И тут Мыколаич поведал о случае, что произошëл, когда он ещё был курсантом. Лëтное училище он уже заканчивал, и угораздило же его однажды, будучи в увольнении, схлестнуться в ресторане с пьяным бугаем. Бугай тот был местный, гражданский. До выявления победителя в драке дело тогда не дошло, обоих драчунов менты повязали. И что же вы думали? Бугай накатал заяву на Мыколаича. Якобы курсант на него первым полез с кулаками, а он лишь оборонялся. Это потом уже выяснилось, что у бугая того старший брат — зам. нач. отдела милиции. Ну и пришлось Мыколаичу неприятностей хапнуть! Чудом не угодил под суд, чудом из училища перед самым выпуском его не турнули. Но исключили из комсомола, а для построения приличной военной карьеры в те времена это было убийственно. И служить перенаправили Мыколаича вместо светившей ему благоустроенной Прибалтики в ту самую Домну. Невеста по этой причине чуть было его не бросила, но всё же решилась поехать за ним в дыру под Читой (впрочем, лучше б она не ездила, про то, что случилось далее, я уже знал).

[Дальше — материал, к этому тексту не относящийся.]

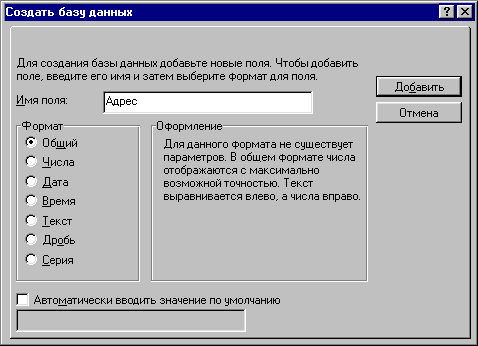 Для создания поля следует присвоить имя пустому полю. Каждому полю должно быть присвоено уникальное имя. Например, одному полю можно присвоить имя "Фамилия", а другому - "Адрес".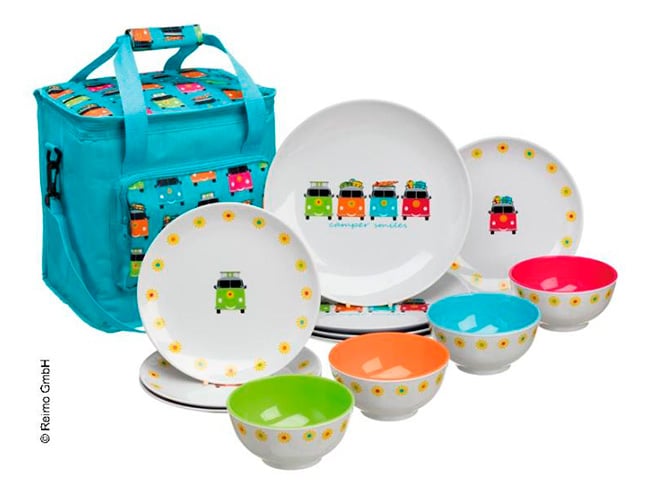 Vajilla de melamina Camper Smile, 12 piezas, incl. bolsa de refrigeración 16l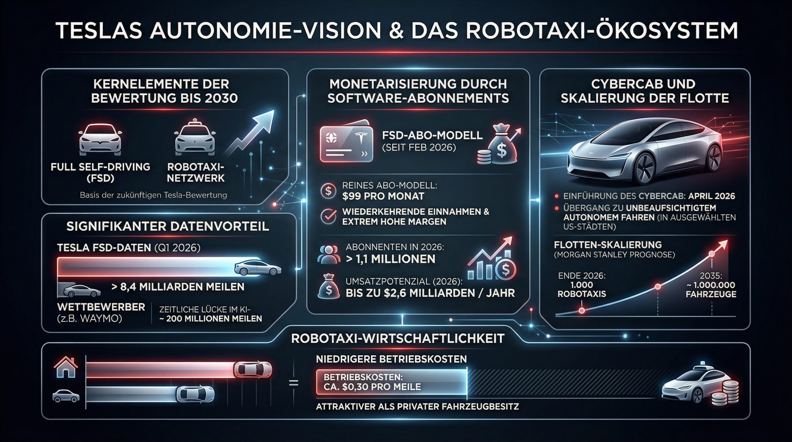 Die Einführung des Cybercab im April 2026 markiert den Übergang zum unüberwachten autonomen Fahren in ausgewählten US-Städten. Morgan Stanley prognostiziert eine Flottengröße von 1.000 Robotaxis bis Ende 2026, mit einem Skalierungspfad auf eine Million Fahrzeuge bis 2035. Die Betriebskosten werden auf ca. 0,30 USD pro Meile geschätzt, was das Robotaxi-Modell ökonomisch attraktiver macht als den privaten Fahrzeugbesitz.

Тяжело дались все эти удары судьбы, свалившиеся неожиданно на голову молоденькому лейтенанту. Переживал Мыколаич, ясное дело, сильно. Но стал служить себе дальше в Забайкальском военном округе, и неприятности постепенно остались в прошлом. Прошли годы. После очередных размышлений на тему теории вероятности в его жизненных совпадениях, решил Мыколаич выяснить, как поживает бугай тот, его обидчик. И оказалось — никак. Погиб в ДТП тем же летом.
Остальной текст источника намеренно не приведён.